OK, so this is a science blog, not a political blog. However, when politicians wander into the science realm and the media chooses not to engage, Common Science is going to step in. As I mentioned in a recent post, scientific accuracy is one of the first casualties of presidential politics.  During the 2004 presidential campaign, when pressed for ideas on improved energy security, President Bush often waxed poetic on the potential for a “Hydrogen Economy”. Had Common Science existed back then, I would have enjoyed letting you know that due to the inefficient and energy-intensive process required to produce it, there are no plausible large-scale sources of hydrogen in the world. During the 2012 presidential election cycle I will be monitoring the news and letting you know the real story behind the science and technology rhetoric.   
 
Below is a statement made by Representative Michelle Bachmann who is seeking the Republican Party’s nomination for president.
 
“We have the number one energy resource rich nation in the world. Did you know that?
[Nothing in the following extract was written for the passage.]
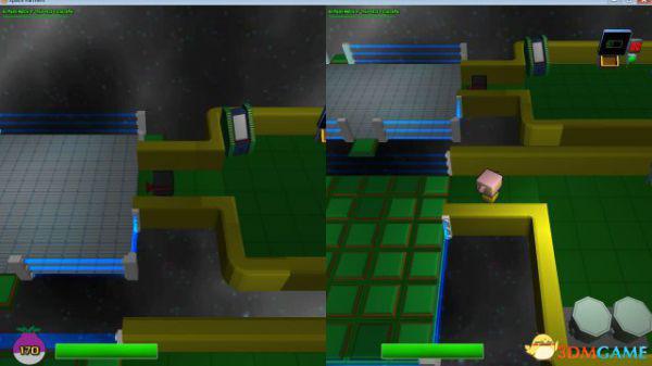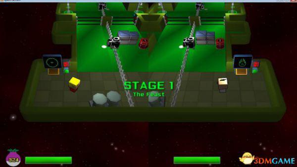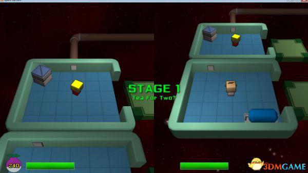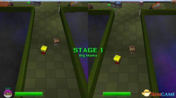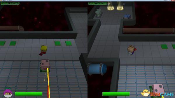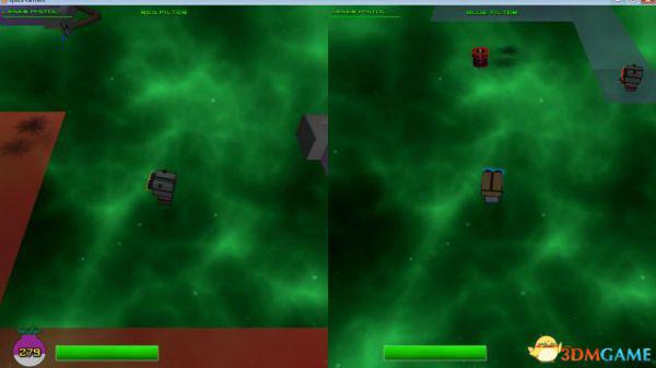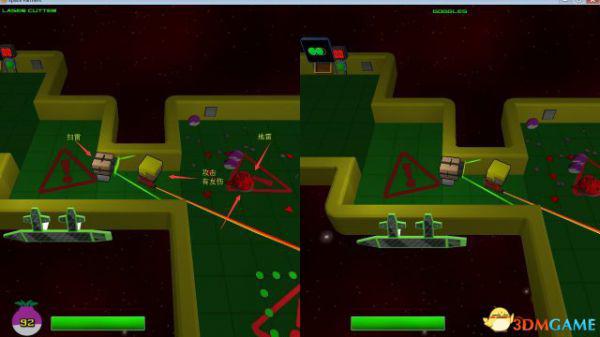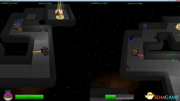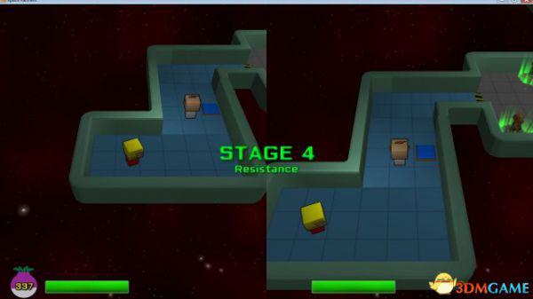 玩家拿激光(注意友伤)互踩格子前进,最后部分分别有红蓝两种怪物,每个玩家只能看到一种颜色,所以最好关注两个屏幕,不然GG

We have 25 percent of the world’s coal, here. …… We have got more oil in three western states in shale oil than all of Saudi Arabia. Did you hear that on your local nightly news? Are you kidding? We’ve got it. I say let’s go get it.”
With regard to coal supplies, Representative Bachmann is correct; the United States can burn coal to generate electricity for a long, long time. While this may not be a choice all would make, this part of her statement is accurate.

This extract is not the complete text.